**MATERIAL PROVIDED:**
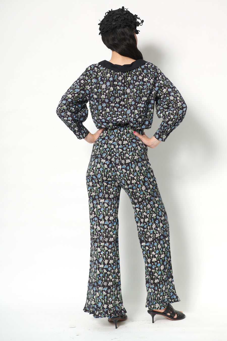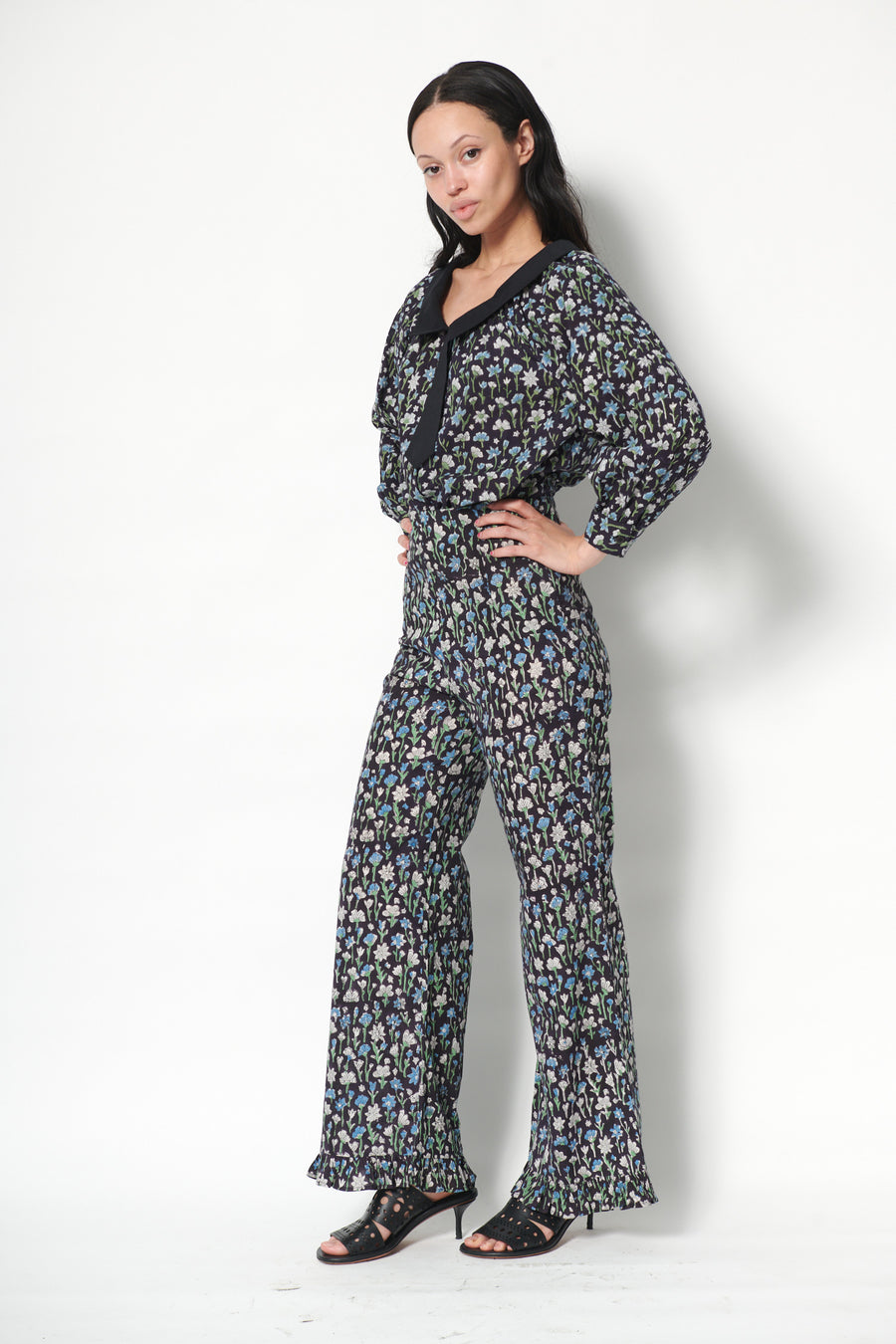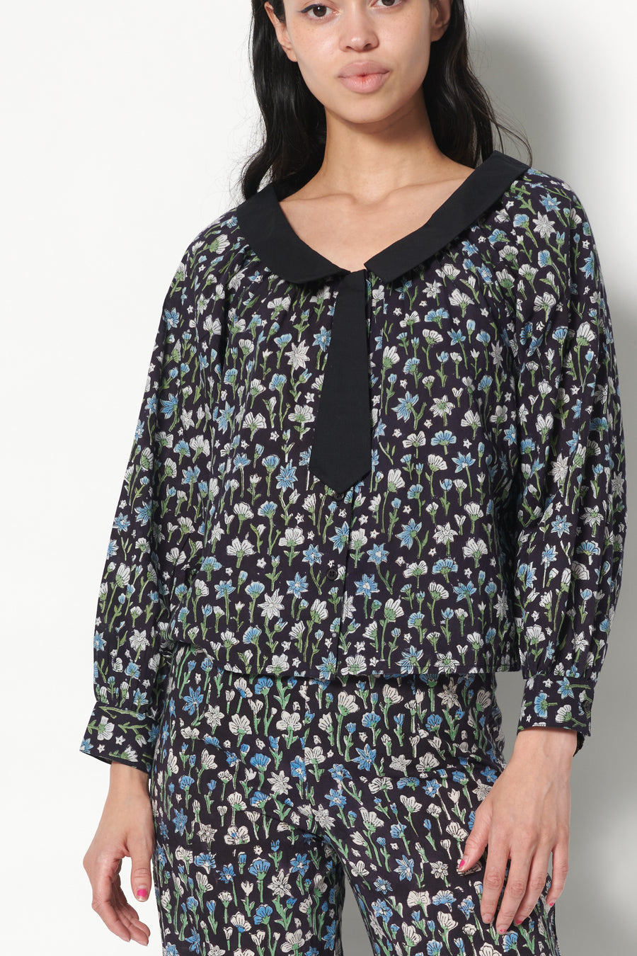Collared shirt in a soft black cotton voile in floral block-print with collar and attached tie detail in black voile. 3/4 Sleeves and button closure down center front with snap button near tie. Pairs with matching Ruffle Pant.
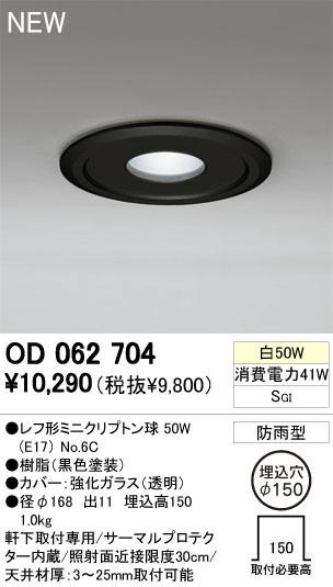 防雨型 埋込高:150mm ダウン取付必要高:150mm ダウン取付天井厚:3〜25mm SGI形
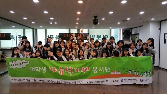한신대 디아이오는 2016년 9월 7일부터 매주 월, 수요일에 안화중학교 자유학기제 멘토링 활동을 진행했다. 월요일은 동아리반 학생 23명에게 춤의 기초와 K-POP, 걸스힙합 등의 장르별 댄스를 가르쳤으며 공연준비도 도왔다. 수요일에는 취미반을 개설해 64명의 학생에게 K-POP 댄스를 가르쳤다.

**WHAT THE EXERCISE ASKS:** Reproduce the data above verbatim, minus any images.

**EXERCISE SOLUTION:**
Collared shirt in a soft black cotton voile in floral block-print with collar and attached tie detail in black voile. 3/4 Sleeves and button closure down center front with snap button near tie. Pairs with matching Ruffle Pant.
 防雨型 埋込高:150mm ダウン取付必要高:150mm ダウン取付天井厚:3〜25mm SGI形
한신대 디아이오는 2016년 9월 7일부터 매주 월, 수요일에 안화중학교 자유학기제 멘토링 활동을 진행했다. 월요일은 동아리반 학생 23명에게 춤의 기초와 K-POP, 걸스힙합 등의 장르별 댄스를 가르쳤으며 공연준비도 도왔다. 수요일에는 취미반을 개설해 64명의 학생에게 K-POP 댄스를 가르쳤다.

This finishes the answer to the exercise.